# HOW TO COMPLETE THIS TASK:
Please output the line containing "Door bewerking van" and all lines that follow it in the data below, exactly, with no pictures.

# COLLECTED MATERIAL:

================================

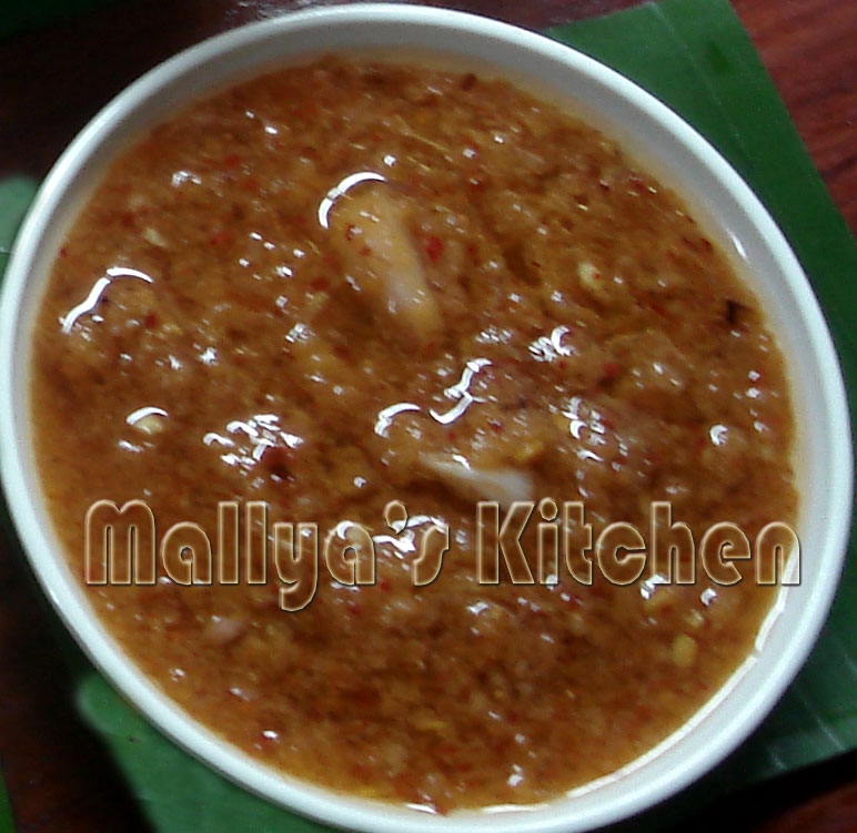 Variation :- Fry half of the onions in oil till golden brown then grind this with roasted/fried red chillies, salt and tamarind to a coarse chutney consistency. Add the rest half raw chopped onions to this and pour coconut oil on top. Mix well and serve.
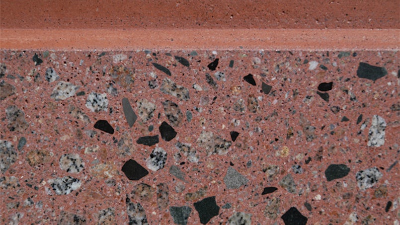 Door bewerking van het oppervlak wordt de cementhuid geheel of gedeeltelijk verwijderd. Hierdoor wordt het gladde, gebroken en/of kristallijnen natuursteen zoals kwarts, graniet, porfier, basalt en kalksteen zichtbaar. De kleur wordt voornamelijk bepaald door het natuursteen dat aan het oppervlak zichtbaar is in de vorm van ronde en/of gebroken korrels van uiteenlopende grootte. De natuursteensoorten worden op kleur gesorteerd. Voorzichtigheid is geboden met niet wit gekleurde stenen en marmers, omdat deze niet altijd kleurvast zijn. Met name bij egale, bewerkte oppervlakken is het van belang om grondstoffen zorgvuldig op kleur te selecteren voor het verkrijgen van een gelijkmatige textuur van het oppervlak.
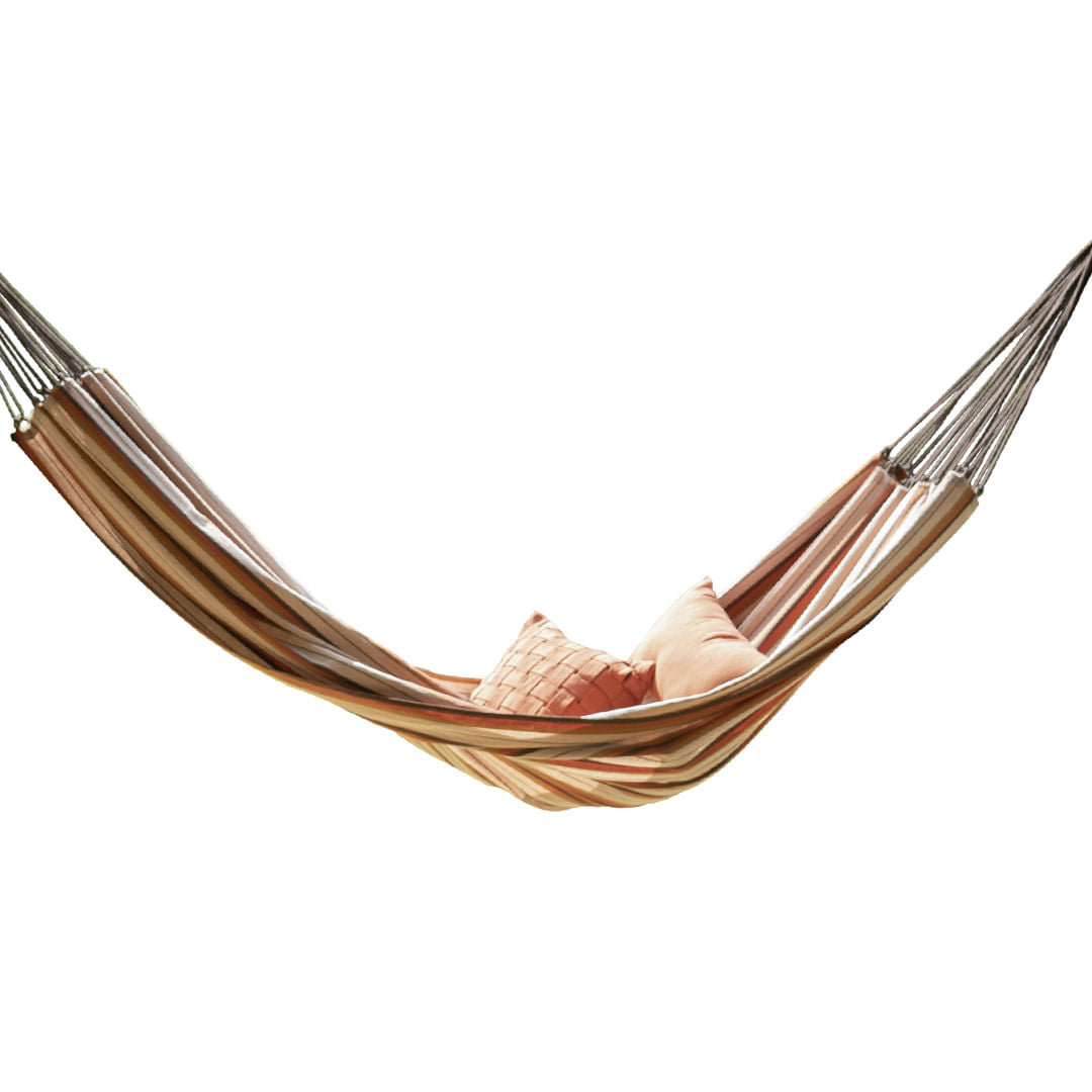 A rede de dormir Tambaú tem listras harmônicas, com cores vivas que se complementam. O tecido é feito a partir da reutilização dos retalhos da indústria com fios de garrafa PET. Uma rede usual e com muito estilo. Os punhos, caréus e mamucabas são feitos à mão.
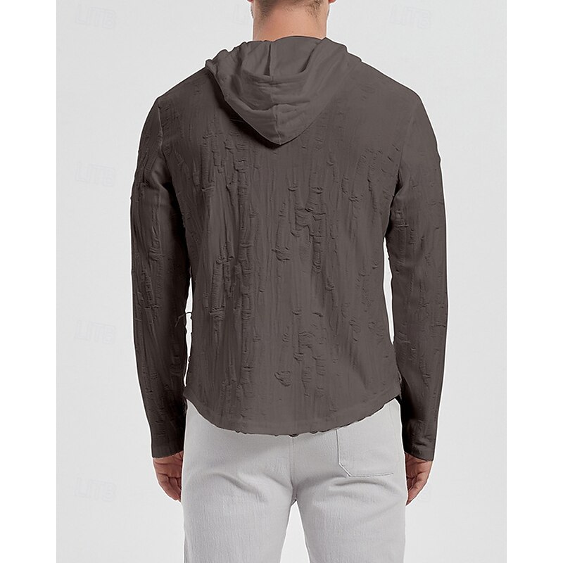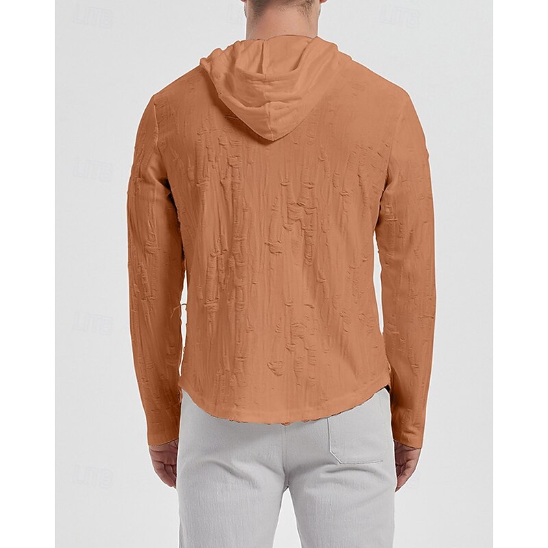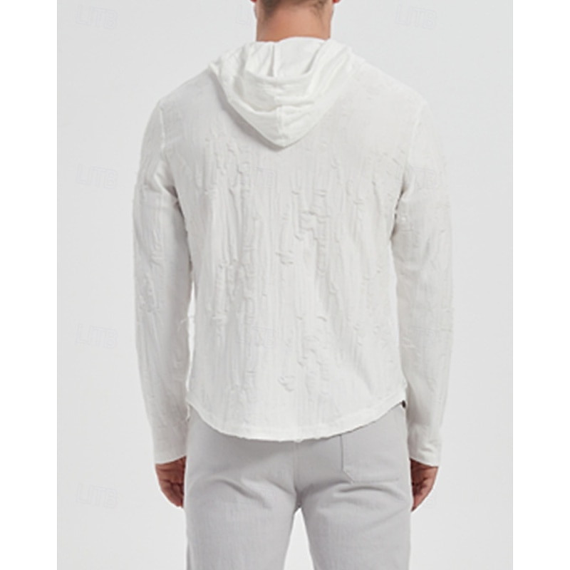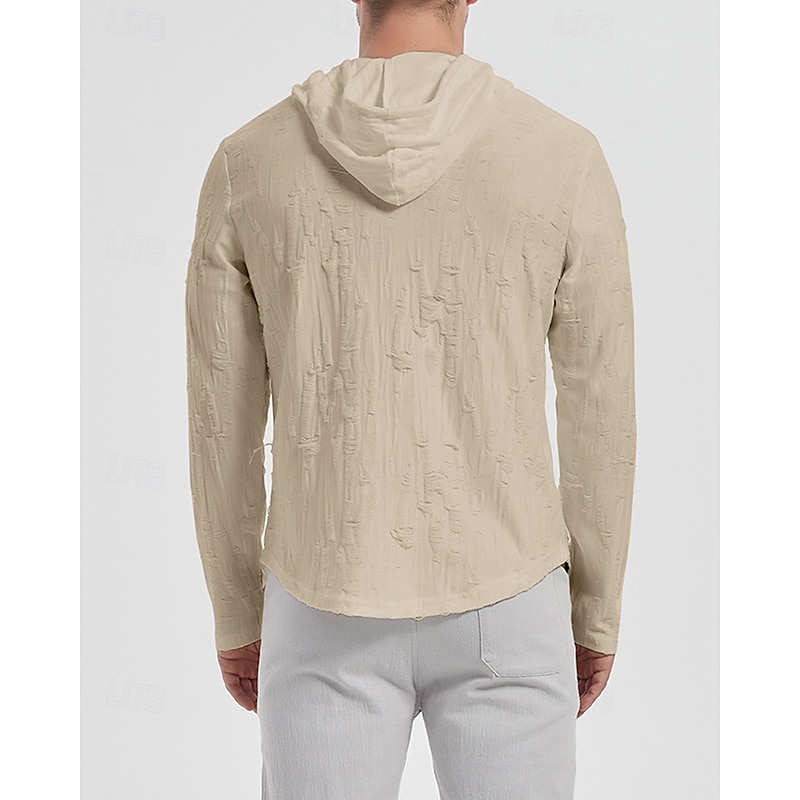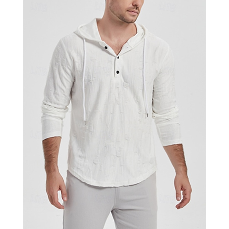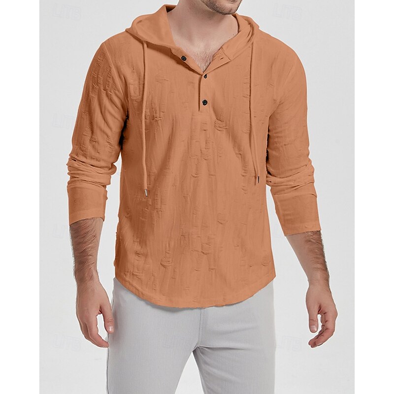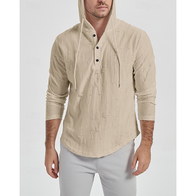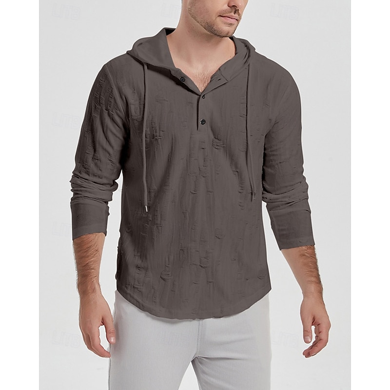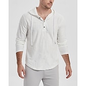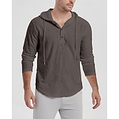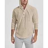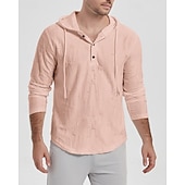 More information about Men's Shirt Popover Shirt Summer Shirt Casual Shirt Beach Shirt Black White Yellow Pink khaki Long Sleeve Plain Hooded Vacation Hawaiian Drawstring Clothing Apparel Polyester Fashion Casual

================================

# YOUR RESPONSE:
 Door bewerking van het oppervlak wordt de cementhuid geheel of gedeeltelijk verwijderd. Hierdoor wordt het gladde, gebroken en/of kristallijnen natuursteen zoals kwarts, graniet, porfier, basalt en kalksteen zichtbaar. De kleur wordt voornamelijk bepaald door het natuursteen dat aan het oppervlak zichtbaar is in de vorm van ronde en/of gebroken korrels van uiteenlopende grootte. De natuursteensoorten worden op kleur gesorteerd. Voorzichtigheid is geboden met niet wit gekleurde stenen en marmers, omdat deze niet altijd kleurvast zijn. Met name bij egale, bewerkte oppervlakken is het van belang om grondstoffen zorgvuldig op kleur te selecteren voor het verkrijgen van een gelijkmatige textuur van het oppervlak.
 A rede de dormir Tambaú tem listras harmônicas, com cores vivas que se complementam. O tecido é feito a partir da reutilização dos retalhos da indústria com fios de garrafa PET. Uma rede usual e com muito estilo. Os punhos, caréus e mamucabas são feitos à mão.
 More information about Men's Shirt Popover Shirt Summer Shirt Casual Shirt Beach Shirt Black White Yellow Pink khaki Long Sleeve Plain Hooded Vacation Hawaiian Drawstring Clothing Apparel Polyester Fashion Casual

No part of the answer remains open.